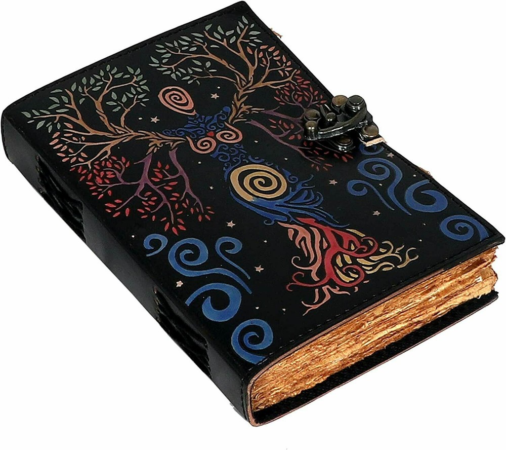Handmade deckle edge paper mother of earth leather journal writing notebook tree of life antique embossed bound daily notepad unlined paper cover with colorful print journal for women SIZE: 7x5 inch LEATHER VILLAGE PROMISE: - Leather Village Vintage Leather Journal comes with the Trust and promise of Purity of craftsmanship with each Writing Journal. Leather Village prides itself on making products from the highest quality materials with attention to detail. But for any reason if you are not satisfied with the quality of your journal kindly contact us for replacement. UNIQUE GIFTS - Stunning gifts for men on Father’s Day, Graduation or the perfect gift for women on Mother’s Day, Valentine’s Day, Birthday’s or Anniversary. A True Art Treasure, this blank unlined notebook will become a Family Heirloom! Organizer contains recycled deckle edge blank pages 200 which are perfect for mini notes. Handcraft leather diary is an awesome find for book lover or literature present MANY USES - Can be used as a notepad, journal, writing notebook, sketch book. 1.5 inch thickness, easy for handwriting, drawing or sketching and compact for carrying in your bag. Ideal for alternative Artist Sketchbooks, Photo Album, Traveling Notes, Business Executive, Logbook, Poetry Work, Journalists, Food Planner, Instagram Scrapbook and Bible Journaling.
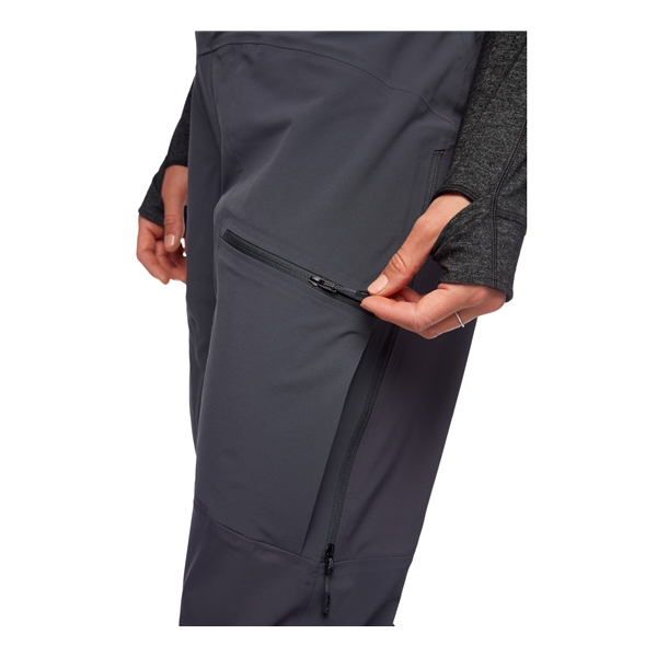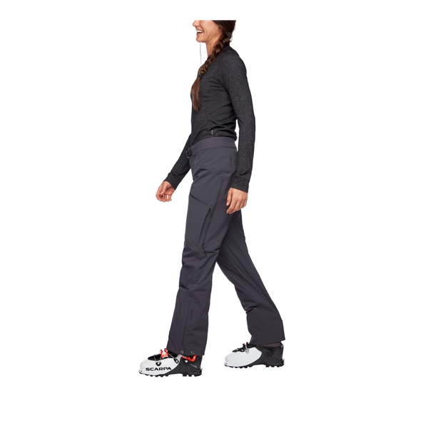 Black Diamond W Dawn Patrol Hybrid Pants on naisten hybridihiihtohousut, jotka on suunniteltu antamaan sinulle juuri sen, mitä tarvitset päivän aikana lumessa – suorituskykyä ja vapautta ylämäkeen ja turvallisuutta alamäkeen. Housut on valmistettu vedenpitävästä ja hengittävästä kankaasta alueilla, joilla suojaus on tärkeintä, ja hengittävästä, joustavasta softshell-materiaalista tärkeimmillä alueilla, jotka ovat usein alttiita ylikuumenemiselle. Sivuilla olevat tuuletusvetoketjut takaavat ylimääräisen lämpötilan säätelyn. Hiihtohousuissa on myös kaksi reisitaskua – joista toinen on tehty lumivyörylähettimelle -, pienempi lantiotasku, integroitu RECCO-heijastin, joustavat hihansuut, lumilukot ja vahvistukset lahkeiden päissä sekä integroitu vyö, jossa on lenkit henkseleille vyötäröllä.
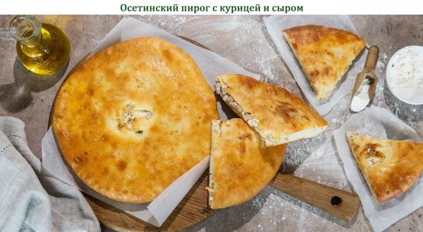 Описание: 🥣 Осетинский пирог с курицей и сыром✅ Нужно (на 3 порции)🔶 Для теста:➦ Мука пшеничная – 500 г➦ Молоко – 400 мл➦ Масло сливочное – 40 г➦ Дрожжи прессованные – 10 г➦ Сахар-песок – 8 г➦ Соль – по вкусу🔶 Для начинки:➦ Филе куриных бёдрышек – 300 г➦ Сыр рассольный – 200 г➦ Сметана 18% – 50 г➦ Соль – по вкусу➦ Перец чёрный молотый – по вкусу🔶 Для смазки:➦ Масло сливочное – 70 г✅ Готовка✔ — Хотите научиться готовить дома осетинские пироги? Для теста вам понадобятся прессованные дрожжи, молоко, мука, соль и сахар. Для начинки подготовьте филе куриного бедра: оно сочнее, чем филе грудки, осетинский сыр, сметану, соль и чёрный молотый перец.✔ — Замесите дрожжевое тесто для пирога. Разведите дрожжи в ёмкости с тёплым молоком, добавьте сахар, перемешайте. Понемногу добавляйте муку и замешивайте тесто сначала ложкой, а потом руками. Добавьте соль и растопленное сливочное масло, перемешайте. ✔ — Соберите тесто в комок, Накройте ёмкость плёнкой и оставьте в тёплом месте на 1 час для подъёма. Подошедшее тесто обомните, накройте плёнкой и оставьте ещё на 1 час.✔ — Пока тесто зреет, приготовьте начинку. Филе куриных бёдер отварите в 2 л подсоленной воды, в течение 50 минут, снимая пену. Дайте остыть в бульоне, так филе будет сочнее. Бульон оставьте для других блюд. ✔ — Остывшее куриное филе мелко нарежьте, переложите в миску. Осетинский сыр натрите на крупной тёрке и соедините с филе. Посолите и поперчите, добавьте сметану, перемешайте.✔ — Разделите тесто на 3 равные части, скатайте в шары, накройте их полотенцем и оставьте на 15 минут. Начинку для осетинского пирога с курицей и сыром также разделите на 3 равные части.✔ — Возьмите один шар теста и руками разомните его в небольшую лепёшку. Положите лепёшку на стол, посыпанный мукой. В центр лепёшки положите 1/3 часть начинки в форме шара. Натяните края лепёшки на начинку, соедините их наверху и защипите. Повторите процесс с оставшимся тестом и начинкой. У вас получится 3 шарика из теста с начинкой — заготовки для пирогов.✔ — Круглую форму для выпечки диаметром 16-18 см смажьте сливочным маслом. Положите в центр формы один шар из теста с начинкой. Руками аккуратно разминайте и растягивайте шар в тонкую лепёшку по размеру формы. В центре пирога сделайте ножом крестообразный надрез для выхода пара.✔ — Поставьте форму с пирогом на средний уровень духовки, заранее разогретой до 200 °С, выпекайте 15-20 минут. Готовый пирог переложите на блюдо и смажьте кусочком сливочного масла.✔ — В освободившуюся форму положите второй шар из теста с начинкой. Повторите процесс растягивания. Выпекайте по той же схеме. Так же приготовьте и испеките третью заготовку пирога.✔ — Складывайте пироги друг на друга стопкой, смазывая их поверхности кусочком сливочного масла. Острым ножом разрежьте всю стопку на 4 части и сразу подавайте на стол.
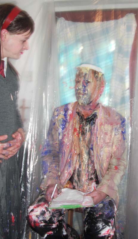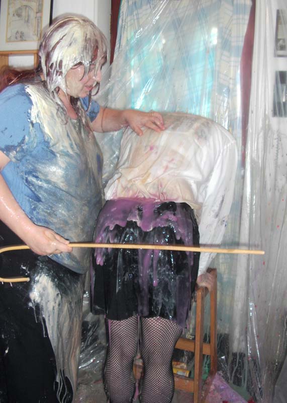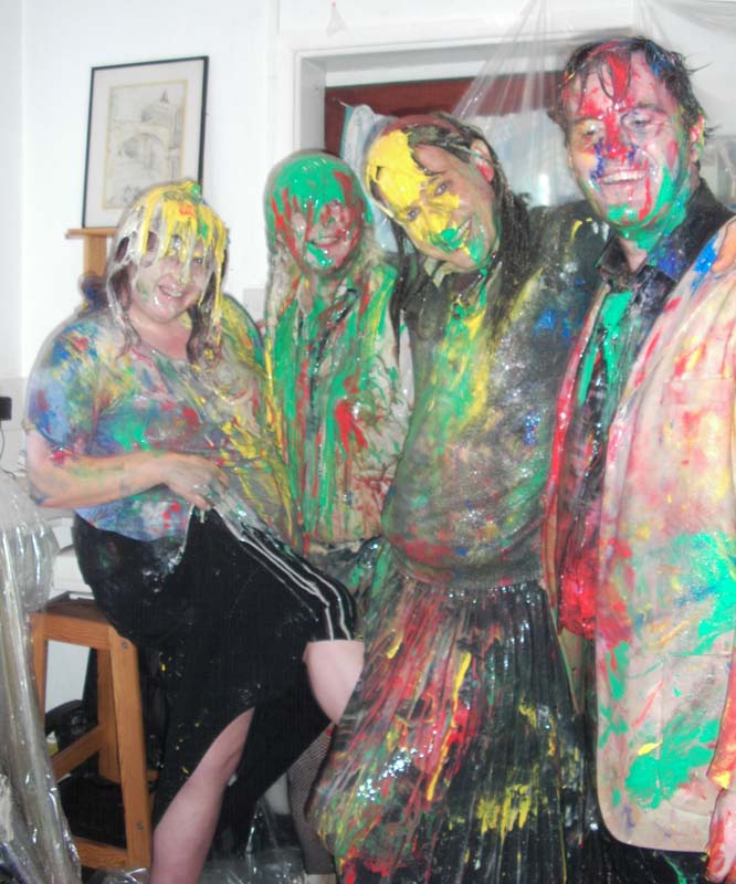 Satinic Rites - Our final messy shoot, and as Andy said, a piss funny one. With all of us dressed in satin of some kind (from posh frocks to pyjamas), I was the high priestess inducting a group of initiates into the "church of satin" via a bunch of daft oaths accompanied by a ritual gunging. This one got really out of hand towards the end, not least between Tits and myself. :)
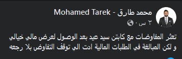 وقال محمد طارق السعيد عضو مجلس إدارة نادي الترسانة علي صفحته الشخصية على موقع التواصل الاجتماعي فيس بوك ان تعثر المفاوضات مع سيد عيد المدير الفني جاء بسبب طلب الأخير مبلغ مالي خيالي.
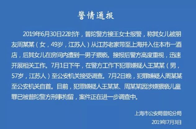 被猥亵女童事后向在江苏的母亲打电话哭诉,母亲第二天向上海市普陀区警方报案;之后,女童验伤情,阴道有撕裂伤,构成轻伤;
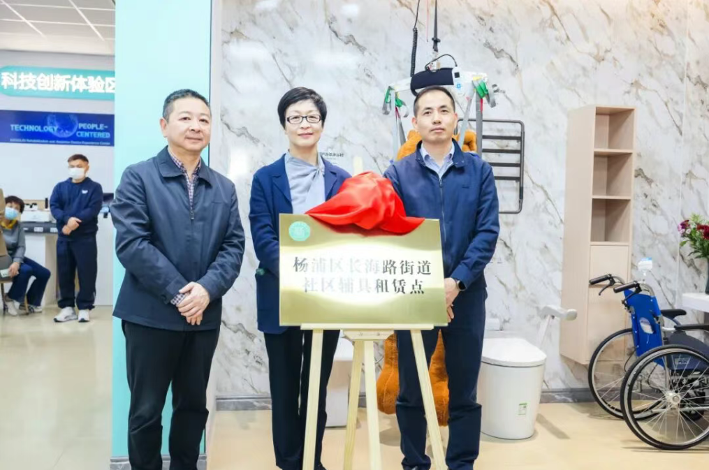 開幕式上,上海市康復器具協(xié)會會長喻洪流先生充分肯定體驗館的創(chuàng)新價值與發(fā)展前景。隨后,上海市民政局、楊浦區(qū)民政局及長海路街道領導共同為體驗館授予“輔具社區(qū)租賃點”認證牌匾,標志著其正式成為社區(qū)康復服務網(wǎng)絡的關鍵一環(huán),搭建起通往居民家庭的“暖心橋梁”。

+ + + + + + +

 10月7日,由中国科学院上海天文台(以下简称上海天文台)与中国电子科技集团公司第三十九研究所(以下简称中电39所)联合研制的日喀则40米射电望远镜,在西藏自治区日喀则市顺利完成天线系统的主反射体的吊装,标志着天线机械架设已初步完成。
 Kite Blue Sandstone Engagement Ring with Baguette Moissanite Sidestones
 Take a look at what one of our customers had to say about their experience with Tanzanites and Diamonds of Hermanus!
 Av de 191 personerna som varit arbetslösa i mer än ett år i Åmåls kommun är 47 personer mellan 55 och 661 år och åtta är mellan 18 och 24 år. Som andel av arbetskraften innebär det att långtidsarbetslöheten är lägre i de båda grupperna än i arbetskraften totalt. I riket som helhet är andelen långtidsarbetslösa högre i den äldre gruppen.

+ + + + + + +

• WORK INSTRUCTION: All lines above from the line with "Kite Blue Sandstone" through the line with "Av de 191 personerna", both included, are to be set down exactly, with nothing else.

• RESPONSE BOX:
 Kite Blue Sandstone Engagement Ring with Baguette Moissanite Sidestones
 Take a look at what one of our customers had to say about their experience with Tanzanites and Diamonds of Hermanus!
 Av de 191 personerna som varit arbetslösa i mer än ett år i Åmåls kommun är 47 personer mellan 55 och 661 år och åtta är mellan 18 och 24 år. Som andel av arbetskraften innebär det att långtidsarbetslöheten är lägre i de båda grupperna än i arbetskraften totalt. I riket som helhet är andelen långtidsarbetslösa högre i den äldre gruppen.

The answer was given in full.